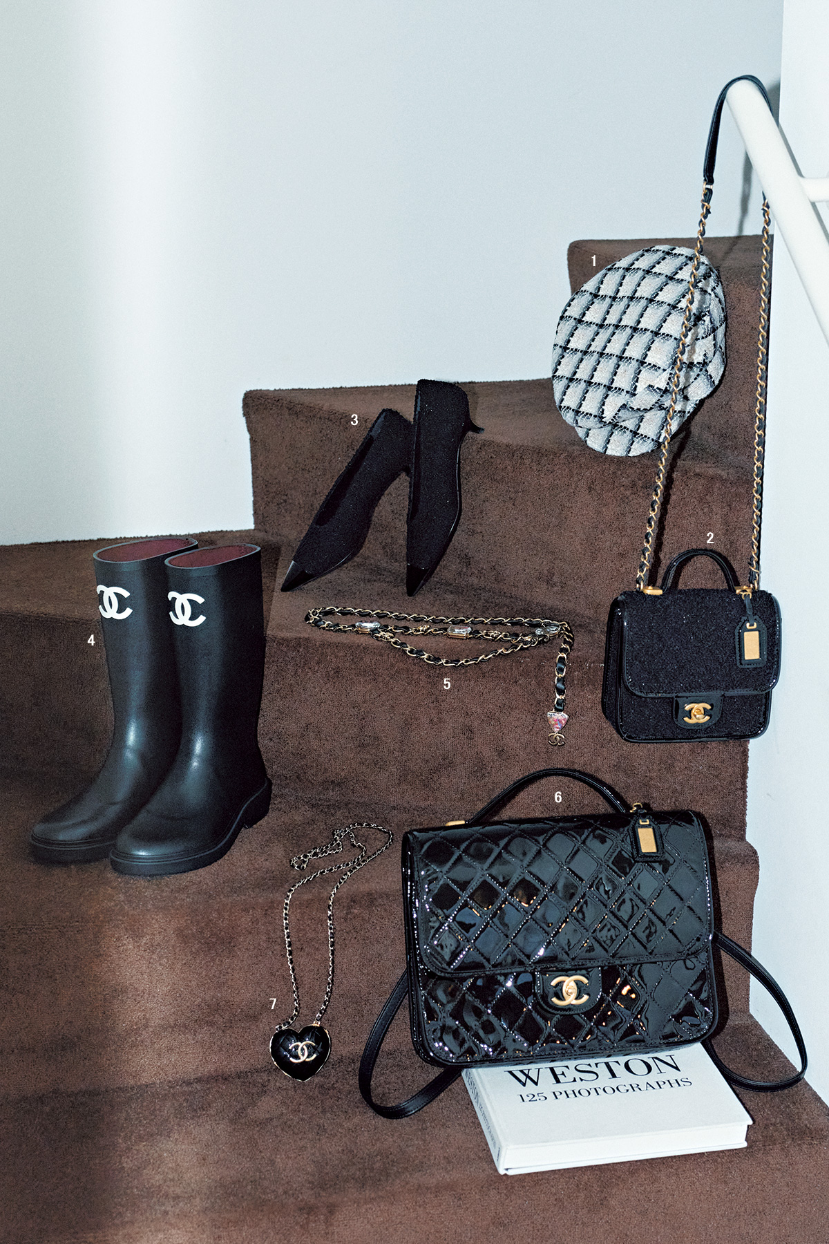 シャネルのエレガンスを象徴するブラック。今シーズンもパテントキルティングやツイードといった、バリエーション豊富な黒が充実。1.帽子¥163,900、2.ラメがきらめくファブリックが華やか。フラップバッグ「FLAPBAG WITH HANDLE SAC RABAT AVEC POIGNÈE」〈H17×W20.5×D6㎝〉¥570,900、3.ツイードとパテントの異素材デザインで上品な足元に。パンプス¥149,600、4.パッと目を惹くCCロゴで雨の日のおしゃれも楽しくなる一足。ブーツ¥135,300、5.ベルト¥421,300、6.バックパック「BACK PACK SAC ÀDOS 」〈H31.5×W31×D9㎝〉¥639,100、7.ネックレス¥354,200※以上すべて予定価格(すべてシャネル/シャネル カスタマーケア)
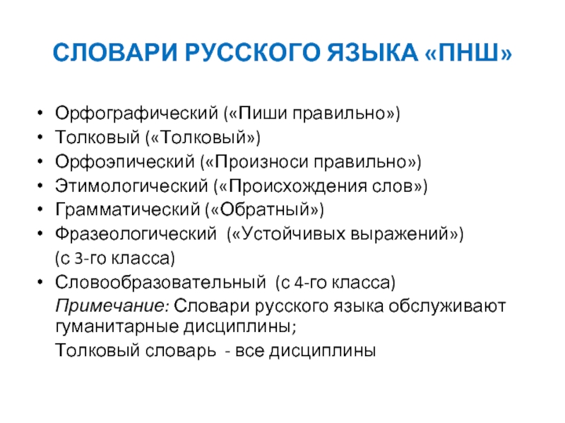 Слайд 31СЛОВАРИ РУССКОГО ЯЗЫКА «ПНШ»
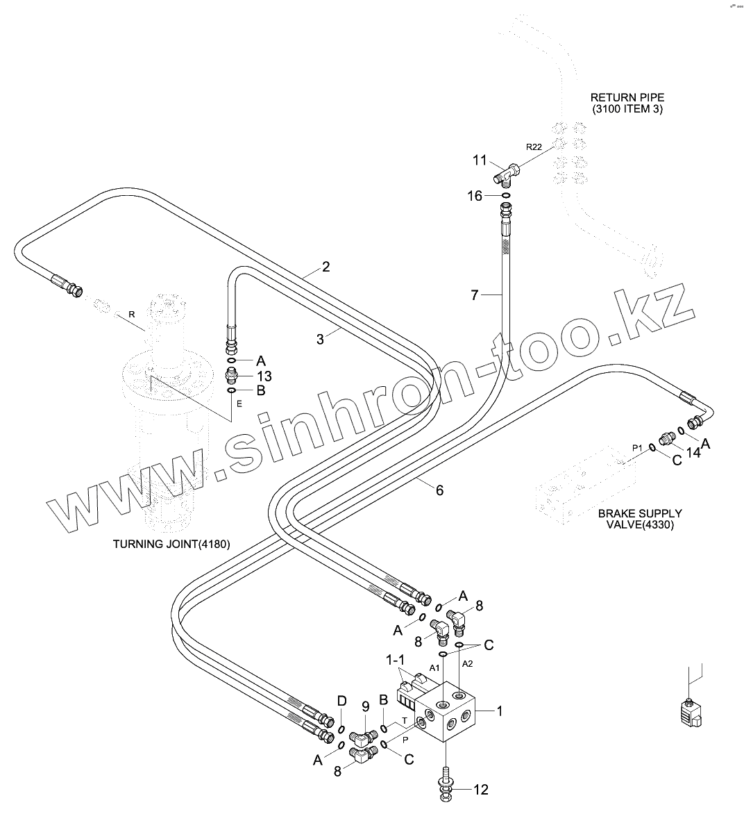 Каталог запасных частей к технике: Hyundai R140W-9S. PILOT HYD PIPING (4 OUTRIGGER)
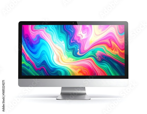 computer, desktop, monitor, screen, colourful, abstract, art, vibrant, digital, liquid, design, modern, technology, graphic, display, image, smooth, wave, paint, style, three-dimensional, rendering
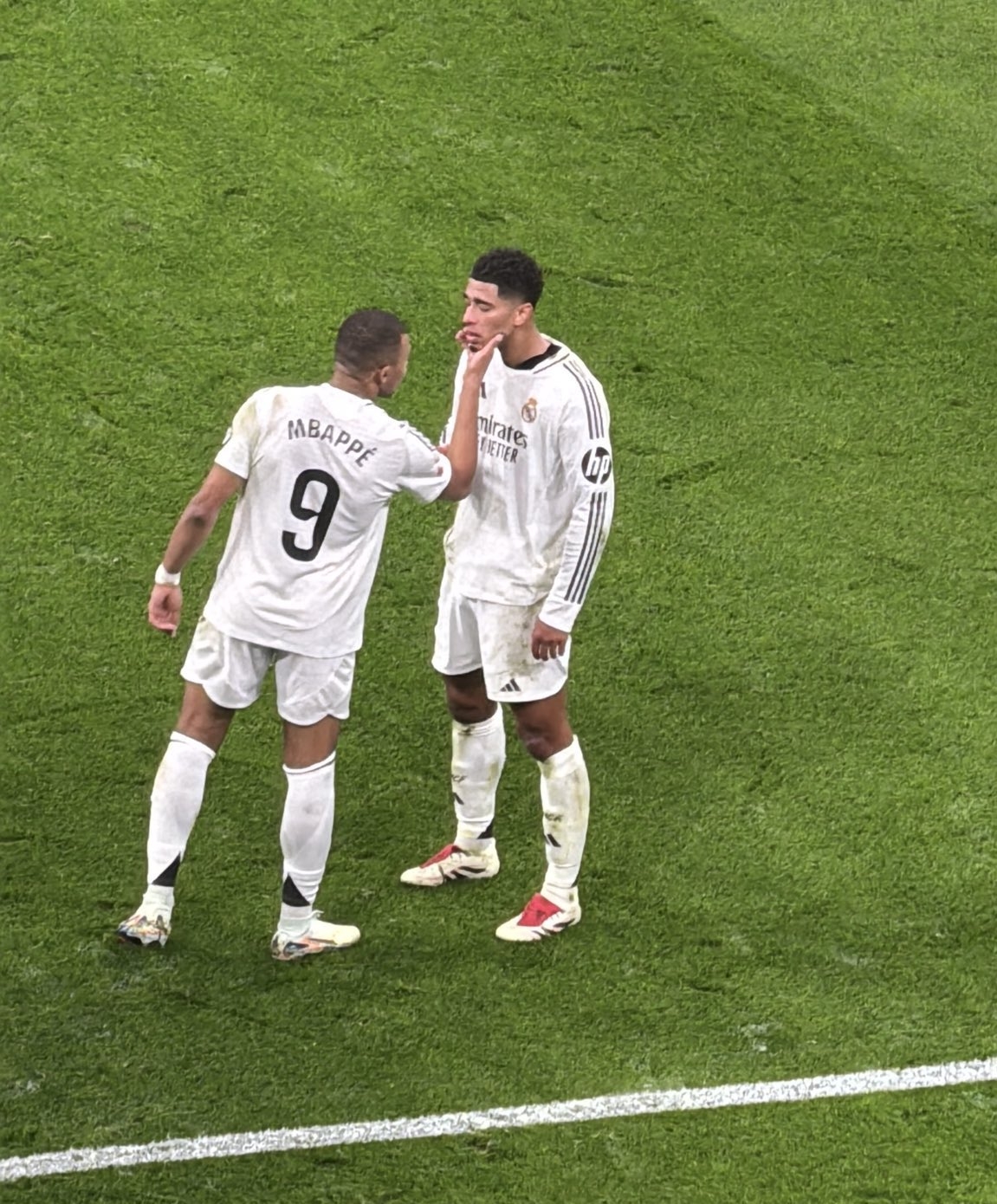 12月3日訊 本賽季西甲第15輪,皇馬主場(chǎng)2-0擊敗赫塔費(fèi)。賽中的一幕在網(wǎng)絡(luò)上傳播,當(dāng)時(shí)姆巴佩捏著貝林厄姆的臉頰,查看他的鼻子。
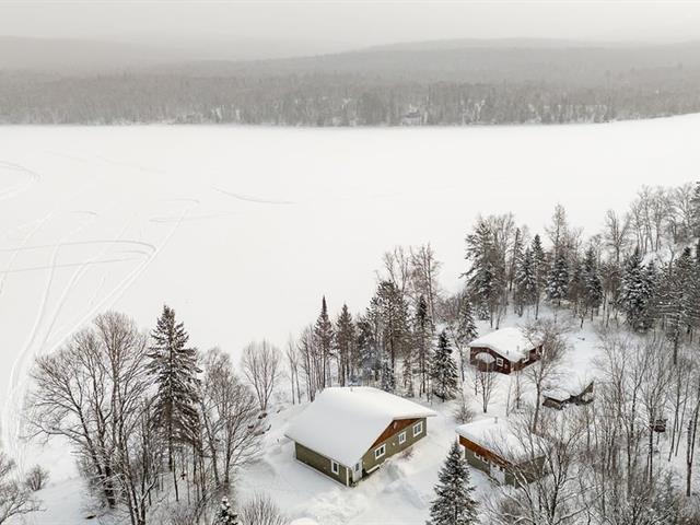 BORD DE L'EAU NAVIGABLE - Magnifique maison construite en 2004, érigée sur une dalle de béton avec plancher chauffant au glycol, offrant confort et efficacité toute l'année. Donnant saur l'eau, elle séduira les amateurs de sports nautiques et de pêche grâce à ses poissons abondants. L'intérieur propose deux chambres, des plafonds de neuf pieds, un foyer chaleureux et une fenestration généreuse donnant sur le lac et les montagnes. Le terrain de près de 26 000 pieds carrés comprend un bâtiment supplémentaire, un atelier et deux sheds. Propriété disponible en moins de deux mois. Un cadre paisible et recherché, idéal comme résidence ou refuge.!! (49620984)
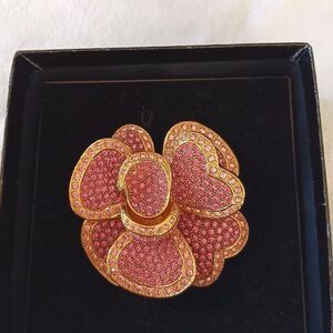 Vtg Joan Rivers Brooch Pink Pave Swarovski Crystals Flower Classics Collection
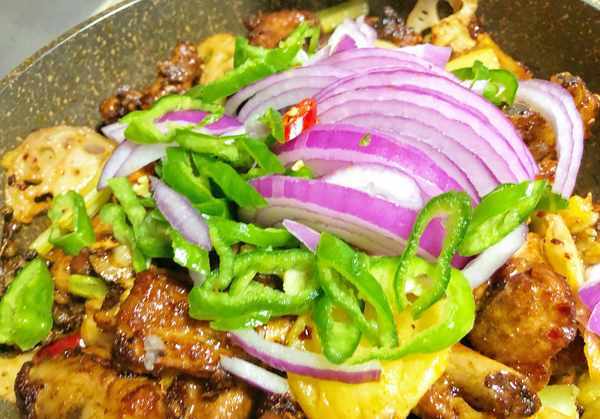 6、火鍋底料炒融化以後,先在鍋中下入排骨、土豆、蓮藕和芹菜,翻炒入味,然後再下入洋蔥、青辣椒以及小米辣翻炒均勻。
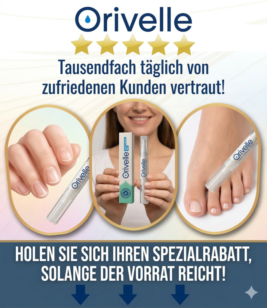 Das Produkt funktioniert durch einen Mechanismus, der den Pilzzyklus auf molekularer Ebene unterbricht und das Wachstum eines neuen, gesunden und infektionsfreien Nagels fördert. Orivelle wurde von Experten für ganzheitliche Gesundheit entwickelt und bekämpft nicht nur Verfärbungen und Brüchigkeit, sondern stärkt auch die natürliche Barriere von Haut und Nägeln, wobei bereits nach 5 bis 7 Tagen erste sichtbare Ergebnisse erzielt werden.
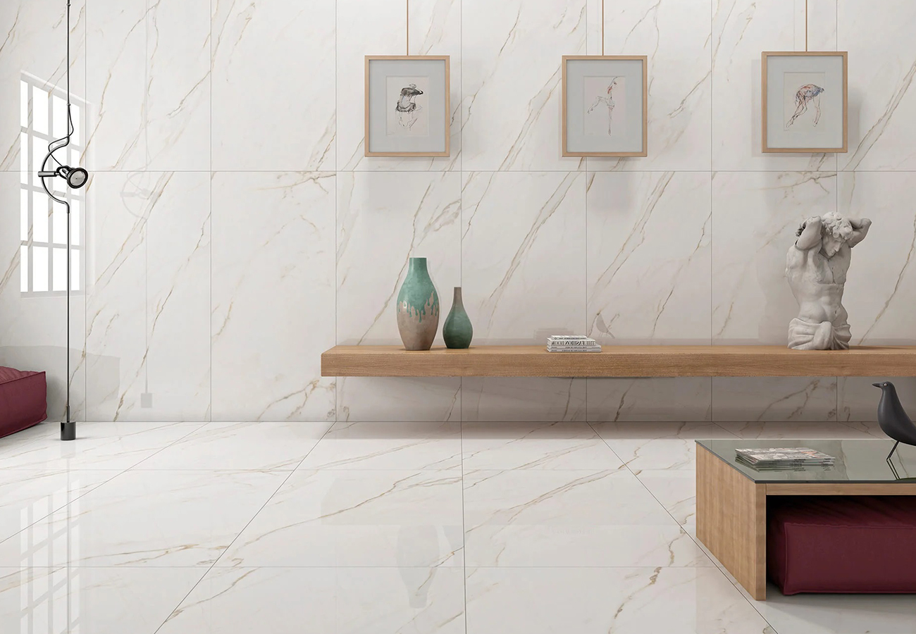 Cada formato de Golden White está diseñado con un espesor que garantiza una larga vida útil. Por ejemplo, el formato 90×90 tiene un espesor de 9 mm, mientras que los formatos más grandes, como 60×120 y 120×120, presentan espesores de 10,5 mm y 10,2 mm, lo que asegura su robustez en instalaciones de gran volumen. Estos detalles hacen que el azulejo sea una opción perfecta para aquellos que buscan un producto que resista el paso del tiempo sin perder su atractivo.
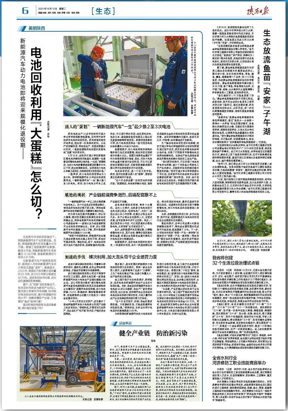 院长丁书江说,这项技术年内将在西安全通实业集团的新建厂房中投用。目前,省外有多家企业正在洽谈。希望这项技术能为我省电池回收利用产业发展提供技术支撑。”
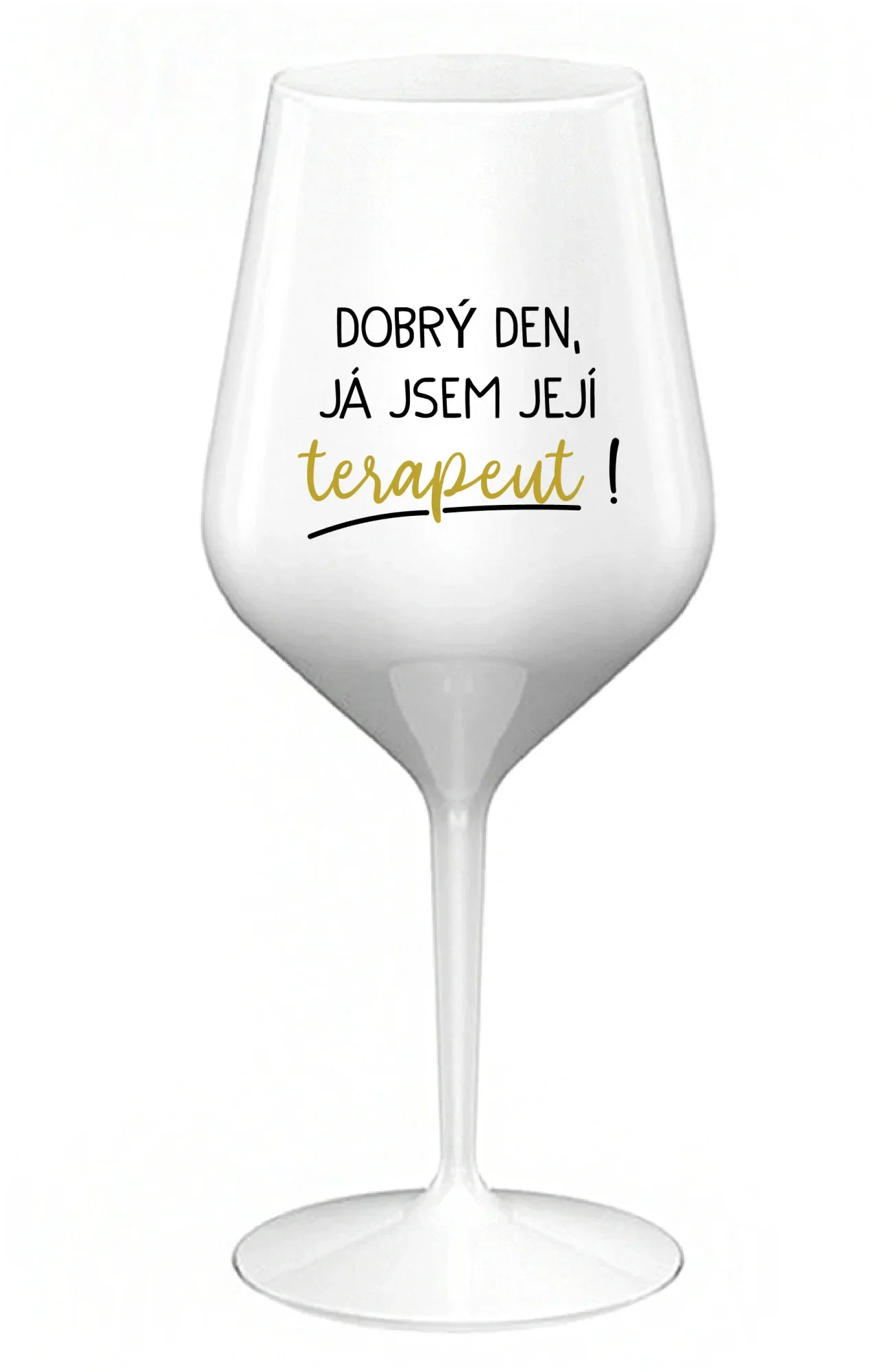 DOBRÝ DEN, JÁ JSEM JEJÍ TERAPEUT! - bílá nerozbitná sklenice na víno 470 ml
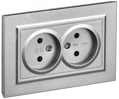 BRITE Розетка 2-местная без заземления с защитными шторками 10А в сборе РСш12-2-БрА алюминий IEK
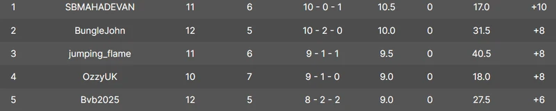 What a season it’s shaping up to be! @SBMAHADEVAN is leading the charge with a mighty 10.5 points and a near-flawless 10-0-1 record. But let’s not get too comfortable—@BungleJohn is just half a point behind and has already shown they can go toe-to-toe with the best.
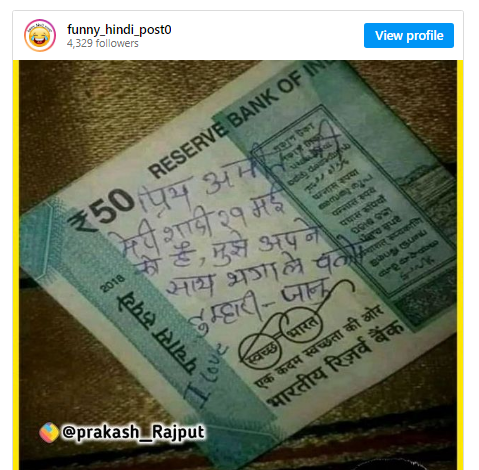 इंस्टाग्राम पर वायरल हो रहे पोस्ट में आपको 50 रुपये का एक नोट नजर आएगा जिस पर कुछ संदेश लिखा हुआ है। आइए आपको बताते हैं कि इस पर क्या लिखा है? 50 रुपये के इस नोट पर लिखा है, ‘प्रिय अमित जी, मेरी शादी 29 मई को है, मुझे अपने साथ भगा ले चलो। तुम्हारी जानु।’ पोस्ट सोशल मीडिया पर काफी तेजी से वायरल हो रहा है।
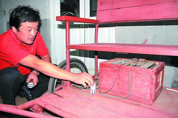 雖然機器人不是很完美,郭恩成還是很開心。他以前也聽說過拉車機器人,但聽說那些機器人腳底下用的是輪子,而他的這個機器人,實現了“真正意義上的行走”。郭恩成說,現在他用的蓄電池是電動三輪車電池,可以支持機器人走6個小時。
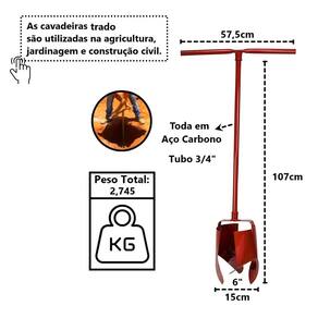 Cavadeira Trado Cabo em Tubo Aço Carbono 06pol 107cm, a cavadeira trado é uma ferramenta indispensável ??para abrir buracos, transplantar plantas, colocar postes, abrir valas para canos ou cavar e retirar a terra sem grande esforço. Tem por finalidade a coleta de amostras deformadas, determinação de profundidade do nível d'água e identificação dos horizontes do terreno.

◆ ◆ ◆ ◆ ◆ ◆ ◆

** TRY IT **
Could you print the listing above word for word, without its pictures?

** REPLY TO THE EXERCISE **
 シャネルのエレガンスを象徴するブラック。今シーズンもパテントキルティングやツイードといった、バリエーション豊富な黒が充実。1.帽子¥163,900、2.ラメがきらめくファブリックが華やか。フラップバッグ「FLAPBAG WITH HANDLE SAC RABAT AVEC POIGNÈE」〈H17×W20.5×D6㎝〉¥570,900、3.ツイードとパテントの異素材デザインで上品な足元に。パンプス¥149,600、4.パッと目を惹くCCロゴで雨の日のおしゃれも楽しくなる一足。ブーツ¥135,300、5.ベルト¥421,300、6.バックパック「BACK PACK SAC ÀDOS 」〈H31.5×W31×D9㎝〉¥639,100、7.ネックレス¥354,200※以上すべて予定価格(すべてシャネル/シャネル カスタマーケア)
 Слайд 31СЛОВАРИ РУССКОГО ЯЗЫКА «ПНШ»
 Каталог запасных частей к технике: Hyundai R140W-9S. PILOT HYD PIPING (4 OUTRIGGER)
 computer, desktop, monitor, screen, colourful, abstract, art, vibrant, digital, liquid, design, modern, technology, graphic, display, image, smooth, wave, paint, style, three-dimensional, rendering
 12月3日訊 本賽季西甲第15輪,皇馬主場(chǎng)2-0擊敗赫塔費(fèi)。賽中的一幕在網(wǎng)絡(luò)上傳播,當(dāng)時(shí)姆巴佩捏著貝林厄姆的臉頰,查看他的鼻子。
 BORD DE L'EAU NAVIGABLE - Magnifique maison construite en 2004, érigée sur une dalle de béton avec plancher chauffant au glycol, offrant confort et efficacité toute l'année. Donnant saur l'eau, elle séduira les amateurs de sports nautiques et de pêche grâce à ses poissons abondants. L'intérieur propose deux chambres, des plafonds de neuf pieds, un foyer chaleureux et une fenestration généreuse donnant sur le lac et les montagnes. Le terrain de près de 26 000 pieds carrés comprend un bâtiment supplémentaire, un atelier et deux sheds. Propriété disponible en moins de deux mois. Un cadre paisible et recherché, idéal comme résidence ou refuge.!! (49620984)
 Vtg Joan Rivers Brooch Pink Pave Swarovski Crystals Flower Classics Collection
 6、火鍋底料炒融化以後,先在鍋中下入排骨、土豆、蓮藕和芹菜,翻炒入味,然後再下入洋蔥、青辣椒以及小米辣翻炒均勻。
 Das Produkt funktioniert durch einen Mechanismus, der den Pilzzyklus auf molekularer Ebene unterbricht und das Wachstum eines neuen, gesunden und infektionsfreien Nagels fördert. Orivelle wurde von Experten für ganzheitliche Gesundheit entwickelt und bekämpft nicht nur Verfärbungen und Brüchigkeit, sondern stärkt auch die natürliche Barriere von Haut und Nägeln, wobei bereits nach 5 bis 7 Tagen erste sichtbare Ergebnisse erzielt werden.
 Cada formato de Golden White está diseñado con un espesor que garantiza una larga vida útil. Por ejemplo, el formato 90×90 tiene un espesor de 9 mm, mientras que los formatos más grandes, como 60×120 y 120×120, presentan espesores de 10,5 mm y 10,2 mm, lo que asegura su robustez en instalaciones de gran volumen. Estos detalles hacen que el azulejo sea una opción perfecta para aquellos que buscan un producto que resista el paso del tiempo sin perder su atractivo.
 院长丁书江说,这项技术年内将在西安全通实业集团的新建厂房中投用。目前,省外有多家企业正在洽谈。希望这项技术能为我省电池回收利用产业发展提供技术支撑。”
 DOBRÝ DEN, JÁ JSEM JEJÍ TERAPEUT! - bílá nerozbitná sklenice na víno 470 ml
 BRITE Розетка 2-местная без заземления с защитными шторками 10А в сборе РСш12-2-БрА алюминий IEK
 What a season it’s shaping up to be! @SBMAHADEVAN is leading the charge with a mighty 10.5 points and a near-flawless 10-0-1 record. But let’s not get too comfortable—@BungleJohn is just half a point behind and has already shown they can go toe-to-toe with the best.
 इंस्टाग्राम पर वायरल हो रहे पोस्ट में आपको 50 रुपये का एक नोट नजर आएगा जिस पर कुछ संदेश लिखा हुआ है। आइए आपको बताते हैं कि इस पर क्या लिखा है? 50 रुपये के इस नोट पर लिखा है, ‘प्रिय अमित जी, मेरी शादी 29 मई को है, मुझे अपने साथ भगा ले चलो। तुम्हारी जानु।’ पोस्ट सोशल मीडिया पर काफी तेजी से वायरल हो रहा है।
 雖然機器人不是很完美,郭恩成還是很開心。他以前也聽說過拉車機器人,但聽說那些機器人腳底下用的是輪子,而他的這個機器人,實現了“真正意義上的行走”。郭恩成說,現在他用的蓄電池是電動三輪車電池,可以支持機器人走6個小時。
 Cavadeira Trado Cabo em Tubo Aço Carbono 06pol 107cm, a cavadeira trado é uma ferramenta indispensável ??para abrir buracos, transplantar plantas, colocar postes, abrir valas para canos ou cavar e retirar a terra sem grande esforço. Tem por finalidade a coleta de amostras deformadas, determinação de profundidade do nível d'água e identificação dos horizontes do terreno.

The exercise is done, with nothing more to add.